No tenía nada más en la cabeza que
matar a Laucinio, su asesino y al que mandó
matarlo. Fui a la casa de alquiler en la que vivíamos
desde que vinimos a entrenar a la ciudad y lo encontré
entrando por la puerta. Se giró para saludarme
y sin pensarlo le clavé la misma daga que al
otro esclavo. El odio me recorría todo el cuerpo
y empecé a clavársela por todas partes.
Era el asesino de mi amo, merecía morir.
Salí al momento de la casa para buscar al que
había mandado matar a Apolo. Tenía una
sed de venganza que sólo se saciaría
cuando todos los que participaron en la muerte de
mi amo corrieran la misma suerte. Corrí como
un caballo desbocado hacia el estadio, pero por un
atajo. Poco antes de llegar vi que venían de
frente unos cuantos esclavos con su amo. Cuando pasaron
a mi lado vi en el brazo de los esclavos la misma
marca que tenía el esclavo que maté,
el que vino a proponerme la traición y el asesinato
de mi amo. Al momento me sobresalté y miré
a su amo ¡Era aquel joven el que había
comido con nosotros!
Sentí ganas de clavarle mi daga, pero decidí
esperar a la noche, ya que antes de
llegar a él, me matarían sus esclavos.
Los seguí hasta su casa y esperé a la
noche, que estaba cercana.
De noche me metí en la casa por una pequeña
ventana y fui directamente a la habitación
grande y lujosa del amo. Cuando lo vi tumbado durmiendo,
pensé que no podía darle muerte tan
rápido. Tenía que sufrir más,
así que en vez de clavarse el arma en el pecho
fui andando de puntillas y se lo clavé en el
estómago, donde más duele y se tarda
más en morir.

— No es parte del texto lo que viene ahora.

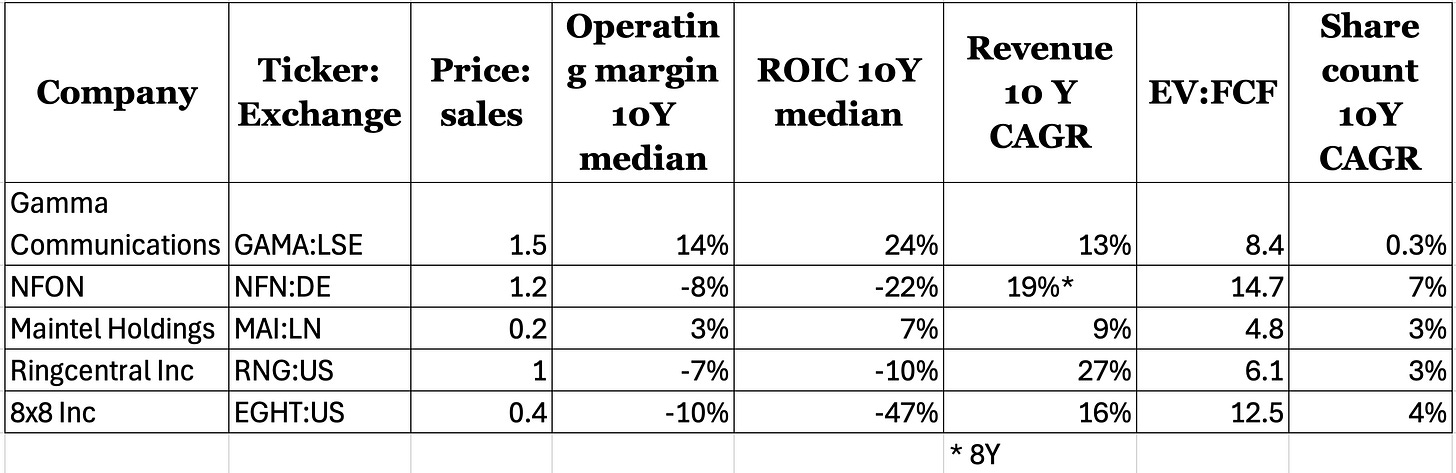 NFON is a venture capital backed, money losing UCaaS company in Germany that directly competes with Gamma. It has just broken even for the first time after breakeven after eight years of losses, and has grown mostly organically: though it did issue shares and made one acquisition a few years ago. In the 2022-2023 period revenue growth slowed to 7% then 2% respectively.
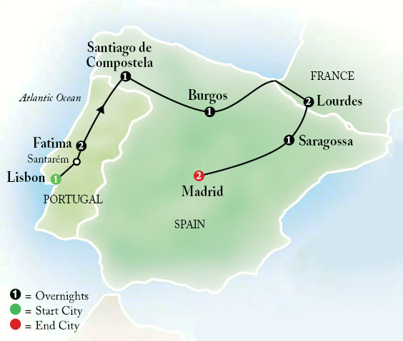 Cross the Pyrenees Mountains to Saragossa. Enjoy sightseeing with a Local Guide and visit Spain’s most famous Marian Shrine—the BASILICA OF OUR LADY OF THE PILLAR, home to a miraculous image of the Virgin Mary. According to local tradition, on January 2 of the year 40, the Mother of God appeared upon a pillar to the Apostle St. James the Greater while he was preaching the Gospel. The pillar is conserved and venerated within the basilica today. (B)

Mientras retorcía mi daga
en su estómago, él se despertó
y me reconoció, pero no tuvo fuerzas para gritar.
Simplemente dijo:
-Fuiste tú quien mató a Apolo.
Clavé el puñal en su corazón
con fuerza y salí de allí lo más
rápido y silenciosamente posible. Me encontraba
extrañamente confundido y angustiado. ¿Por
qué me había dicho eso? ¿Cómo
voy a matar yo a mi adorado amo? Era el hombre que
amaba y servía, que admiraba y veneraba, nunca
haría algo así. Pero de repente un sombrío
pensamiento cruzó mi mente como una flecha:
si el esclavo que maté tenía el veneno,
no se lo pudo dar justo antes del lanzamiento, así
que tuvo que ser antes. Me horroricé sólo
de pensarlo, pero todo encajaba: ¡Yo mismo había
servido la copa envenenada a mi amo en la comida sin
saberlo! Seguramente el 'respetable señor'
que acababa de matar había envenenado su copa
en un descuido y me quería usar como 'cabeza
de turco', sería su chivo expiatorio. Y todo
eso ¿por qué?, ¿para qué?,
¿aplausos?, ¿reconocimiento?, ¿envidia?
No sabía la respuesta a estas preguntas, pero
una cosa sí sé: yo no puedo seguir viviendo
pensando que fue mi mano la que entregó a mi
amado Apolo a la muerte así que con el mismo
puñal con el que maté a los dos esclavos
y al que mandó matar a Apolo, me voy a quitar
la vida. Sólo siento haber matado a dos esclavos
inocentes.
Me reuniré con mi amo en la otra vida. Dejo
mis pocas posesiones a mi primo Lagabro, este es mi
último deseo. Que mi testamento sea leído
en la casa de Apolo para que se sepa la verdad sobre
el asunto de la muerte de Apolo de Pella, hijo de
Petros.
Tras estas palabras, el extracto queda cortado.